Je commence donc ma sacro-sainte cérémonie de la coupe et l’allumage, je prends donc mes ustensiles chirurgicaux et je pratique une coupe droite d’un mouvement souple et net. A cru, je me plonge directement dans une dégustation de chocolat noir pour messieurs à la fleur de sel et aux amandes, celui que je ne trouve que lors de mes courses à Aachen.

J’ai une sensation intense de chocolat 60%, d’amandes grillées avec une touche de salinité marine.

Une fois le pied embrasé, la fumée abondante me livre une partie de ses secrets : comme le caramel, la terre glaise, le cèdre, une bonne dose de quatre épices.

Je suis simplement hors de l’espace-temps avec cette dégustation, le ciel pourrait me tomber sur la tête que je n’en aurais vraiment rien à foutre.

Je continue ma découverte gustative Tranquillement pas vite, comme diraient mes amis amérindiens du Québec.

Je trouvais que le Richard avait de la rondeur mais on sentait qu’il en avait sous le coffre, ici cette rondeur est plus douce, plus onctueuse. Si je devais faire une comparaison je dirai que le Richard est comme une Maserati MC20 alors que le Meir est une Mercedes Maybach S 680 Haute Voiture ou pour les plus anglophones d’entre nous une Bentley Bentayga.

Je suis toujours dans cette forêt de cèdre et de chêne lorsque ce côté boisé vire vers une senteur plus grillé, un peu comme lors d’un feu de camp et que le bois libère ses saveurs dans les flammes.

Je suis presque rendu quand une pointe d’anis et de pacane viennent admirablement finaliser cette palette de saveurs.

Comme je suis gourmand, je voudrais que cela ne finisse jamais mais un moment il faut se rendre à l’évidence, il y a risque d’incendie dans la moustache.

Vous vous doutez qu’avec la place du tabac dans ma spiritualité, le tout petit mégot qui me reste ne pouvait pas finir dans un cendrier.

Avant de vous donner mes conclusions, je me dois de vous parler de la distribution de ces cigares, il n’y a qu’une petite production annuelle 613 boites par vitoles.

Celles-ci sont roulées en 4 formats : Double Robusto, Robusto, & Piramide. Et commercialisés de deux façons distinctes, le Double Robusto, comme pour le Richard est vendu en pack de 10 cigares présenté sur un magnifique plateau qui peut servir de cendrier, et les autres modules sont livrés en boites de 25 en paulownia, un arbre qui pousse très vite et qui offre une bonne résistance combinée à la légèreté.

Les tests de dégustation se sont fait sur le Robusto et sur le Churchill faisant respectivement 12.38 cm pour un cepo de 50 & 17.78 cm pour un cepo de 47

(Pour info le Double Robusto fait 14.6 cm pour un cepo de 47 et le Piramide 15.55 cm pour un cepo de 52)

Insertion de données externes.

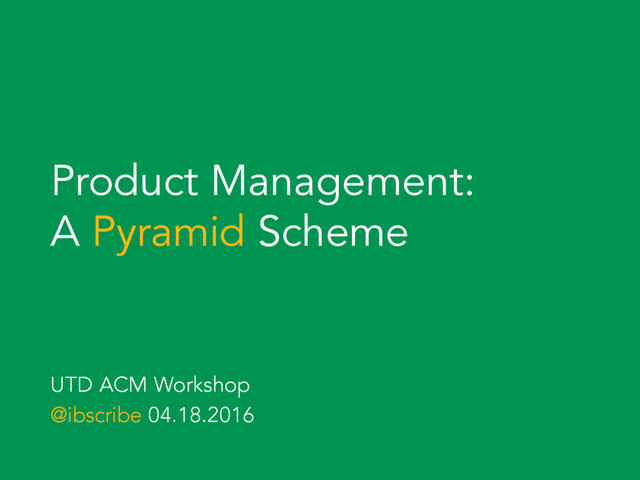 Product Management: A Pyramid Scheme UTD ACM Workshop @ibscribe 04.18.2016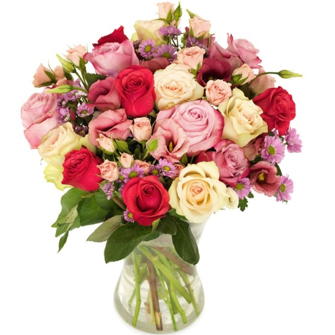 Allein schon der Anblick dieses pastellfarbenen Straußes ist pure Freude und Entspannung. Ein harmonischer Mix aus Rosen, Sprayrosen, Santini und Eustoma kommt als frische Überraschung per Florist an die Haustür.

En conclusion : cette nouvelle gamme de la genèse de la Famille Meerapfel est totalement différente de son prédécesseur, même si on retrouve des similitudes comme certaines saveurs apportées par la cape camerounaise, l’absence totale d’agressivité due aux tabacs âgés et la rondeur ainsi que l’onctuosité, ce cigare Meir va m’a apporté un moment de plénitude inégalé depuis que je suis amateur de dégustation variée et complexe. Un cigare qui m’a rapidement transporté dans un monde parallèle, comme d’autres dégustation, mais qui m’a ramené en douceur dans le monde de la nécessité.

Je vous souhaite d’avoir la chance de passé dans une des civettes sélectionnées avec soins pour y acquérir ce cadeau des Dieux.

Si le trio Meerapfel porte la société, je pense que Jeremiah a réalisé un projet abouti et vachement réussi avec sa détermination dans cette gamme à l’honneur de ses ancêtres.

Le cigare MEERAPFEL viens d’être nommé meilleur cigare du monde par la prestigieuse revue Halfwheel

Prix au moment de la rédaction de cet article :

Double Robusto 94 euros

Robusto 46,00 EUR

Churchill 54,00 EUR

Et Piramide 62,00 EUR

Je me réjouis de connaitre la suite de l’arbre généalogique par des dégustations futures.